Mei Xiancheng, Cui Zhen, Sheng Qian, Zhou Jian, Li Chuanqi
Institute of Rock and Soil Mechanics, Chinese Academy of Sciences, Wuhan 430071, China.
University of Chinese Academy of Sciences, Beijing 100049, China.
Materials (Basel). 2023 Feb 2;16(3):1286. doi: 10.3390/ma16031286.
The application of aseismic materials in foundation engineering structures is an inevitable trend and research hotspot of earthquake resistance, especially in tunnel engineering. In this study, the pelican optimization algorithm (POA) is improved using the Latin hypercube sampling (LHS) method and the Chaotic mapping (CM) method to optimize the random forest (RF) model for predicting the aseismic performance of a novel aseismic rubber-concrete material. Seventy uniaxial compression tests and seventy impact tests were conducted to quantify this aseismic material performance, i.e., strength and energy absorption properties and four other artificial intelligence models were generated to compare the predictive performance with the proposed hybrid RF models. The performance evaluation results showed that the LHSPOA-RF model has the best prediction performance among all the models for predicting the strength and energy absorption property of this novel aseismic concrete material in both the training and testing phases (R: 0.9800 and 0.9108, VAF: 98.0005% and 91.0880%, RMSE: 0.7057 and 1.9128, MAE: 0.4461 and 0.7364; R: 0.9857 and 0.9065, VAF: 98.5909% and 91.3652%, RMSE: 0.5781 and 1.8814, MAE: 0.4233 and 0.9913). In addition, the sensitive analysis results indicated that the rubber and cement are the most important parameters for predicting the strength and energy absorption properties, respectively. Accordingly, the improved POA-RF model not only is proven as an effective method to predict the strength and energy absorption properties of aseismic materials, but also this hybrid model provides a new idea for assessing other aseismic performances in the field of tunnel engineering.

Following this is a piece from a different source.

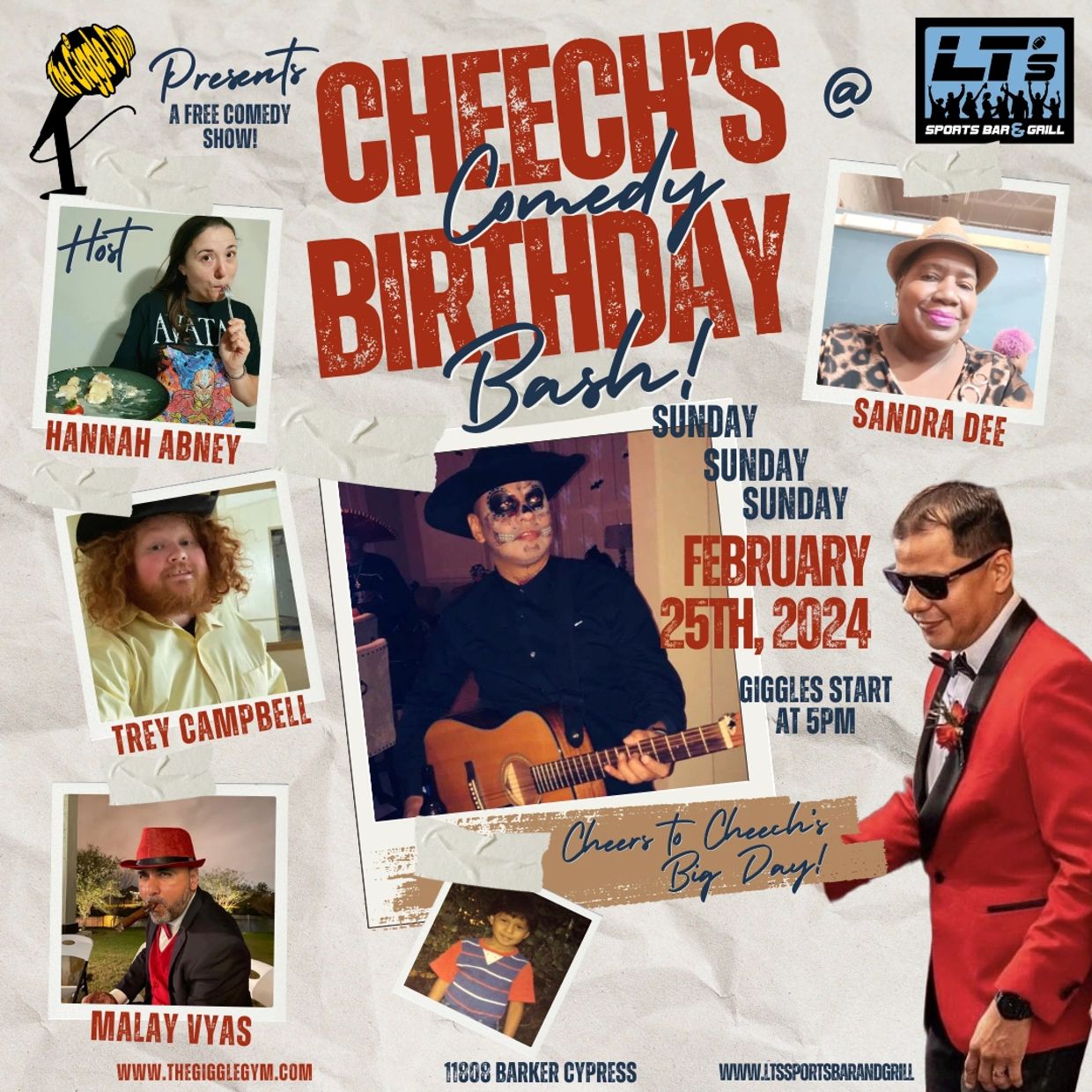 The Giggle Gym is excited to announce a special comedy showcase at LT’s Sports Bar and Grill on February 25th. The Giggle Gym presents “Cheech’s Comedy Birthday Bash”! Show starts at 5:00 PM.

抗震材料在基础工程结构中的应用是抗震领域的必然趋势和研究热点,尤其是在隧道工程中。在本研究中,采用拉丁超立方抽样(LHS)方法和混沌映射(CM)方法对鹈鹕优化算法(POA)进行改进,以优化用于预测新型抗震橡胶混凝土材料抗震性能的随机森林(RF)模型。进行了70次单轴压缩试验和70次冲击试验来量化这种抗震材料的性能,即强度和能量吸收特性,并生成了另外四种人工智能模型,以与所提出的混合RF模型比较预测性能。性能评估结果表明,在训练和测试阶段,LHSPOA-RF模型在预测这种新型抗震混凝土材料的强度和能量吸收特性的所有模型中具有最佳预测性能(R:0.9800和0.9108,VAF:98.0005%和91.0880%,RMSE:0.7057和1.9128,MAE:0.4461和0.7364;R:0.9857和0.9065,VAF:98.5909%和91.3652%,RMSE:0.5781和1.8814,MAE:0.4233和0.9913)。此外,敏感性分析结果表明,橡胶和水泥分别是预测强度和能量吸收特性的最重要参数。因此,改进后的POA-RF模型不仅被证明是预测抗震材料强度和能量吸收特性的有效方法,而且这种混合模型为评估隧道工程领域的其他抗震性能提供了新思路。